Nathan: Yeah, I think that taxpayers have a lot of questions about TFSAs, about RRSPs, about the new First Home Savings Account. The number one questions we get, unfortunately, at the contact centres deal with excess contributions.

CC: Hmm. Like if I've given too much?

Nathan: Right.

CC: Okay.

Nathan: So, because our agents don't offer financial advice, we don't get a lot of questions from folks who are looking to, to sort of maximize their saving situation. Unfortunately, we deal with situations a lot of the time where people have over contributed. I should say, we do answer a lot of other questions that are in happier situations.

So, folks call us looking for advice on how to complete the Schedule 7 of the tax return for their RRSP contributions and transfers. We do get a lot of questions for folks who are looking to confirm the amount of TFSA contribution room they have their RRSP deduction limit, but the number one topic is people who maybe have contributed too much.

And this can happen for a few different reasons. For TFSAs in particular, there has been a bit of a misunderstanding over the years about how the withdrawal rules work, right? So you can withdraw money from a TFSA with no tax consequence. And that’s one of the most significant differences between an RRSP and a TFSA.

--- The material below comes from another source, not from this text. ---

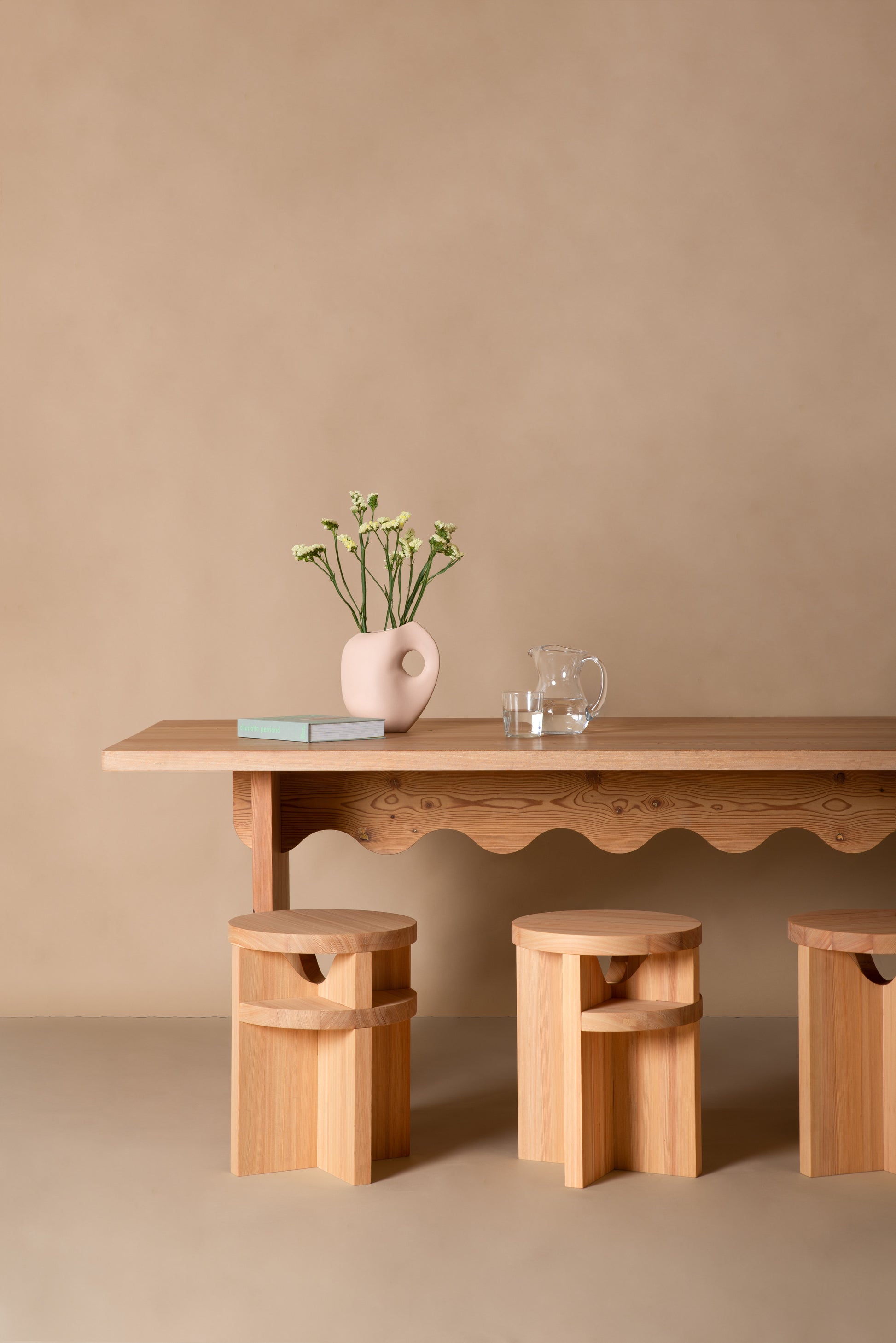 Der TAMI Hocker aus der Tami Dining Collection verbindet in seiner Form die Idee des Zusammenkommens und Teilens und schafft einen Ort des Vertrauens und der Verbundenheit.

So for an RRSP, the idea is that you are deferring taxation to a future year. So, you’re claiming a deduction when you’re contributing to the RRSP and then you’re going to be taxed on the money when you withdraw it. Usually, the idea is that you’re contributing when you’re earning higher income and withdrawing in retirement when your income will be lower. So that gives you an advantage.

For a TFSA, that’s not a factor. There is no deduction when you contribute and there's no immediate tax consequence when you withdraw. So with a TFSA, the idea is that this is a more flexible savings account. You can contribute and you can withdraw and you can do this whenever you want to during the year.

The problem is that there is an impact on the contribution room that you have available for your TFSA. If you withdraw money from a TFSA, you will get that contribution room back, but you don’t get it back until next year, right? So the rules have been built in a way that is meant to allow taxpayers to withdraw money and then to put it back in as they need, right?

You withdraw it when you need it, and then you're able to put it back later, but you don't get that room back right away. So, when taxpayers don't understand that that's how the rule works, sometimes they will withdraw money and then put it back too quickly and they haven't gotten their room back, and so they've accidentally over contributed.

CC: What's the difference between the TFSA and the RRSP and what can actually be invested into what? Like, what are the advantages and disadvantages? What should I even do?

Nathan: That's a simple question with a somewhat complicated answer. In a way, the TFSA and the RRSP and the First Home Savings Account are very similar.

What works best for you is, is a question that can be fairly complicated, right? And depends on, on what your savings goals are. So for the most part, and I didn't hear Sébastien's answer to this earlier, but I'm sure he explained some of this as well. For the most part, the principle behind the RRSP is that you're saving for retirement.

So the RRSP allows you to claim a tax deduction up front for the amount you've contributed, which will reduce your net income in the year. So you have a lower income, you're paying less for tax. Down the road when you withdraw money from the RRSP, you are taxed on that withdrawal. For most people, their income in retirement is lower than their income was while they were working, so they're paying less tax in retirement than they would be right now. That's sort of the idea.

The TFSA does not have a deduction or income inclusion rule built in. When it was announced, it was presented as a way to save money tax free and you can contribute and withdraw with no tax consequence.

Whether it's better for you to have an RRSP or a TFSA may depend on what your savings goals are and what your financial plan is. The First Home Savings Account actually sort of splits the difference between these two types of plans. So again, it allows you to hold similar types of investment properties in a plan where you're not paying tax on a yearly basis, right?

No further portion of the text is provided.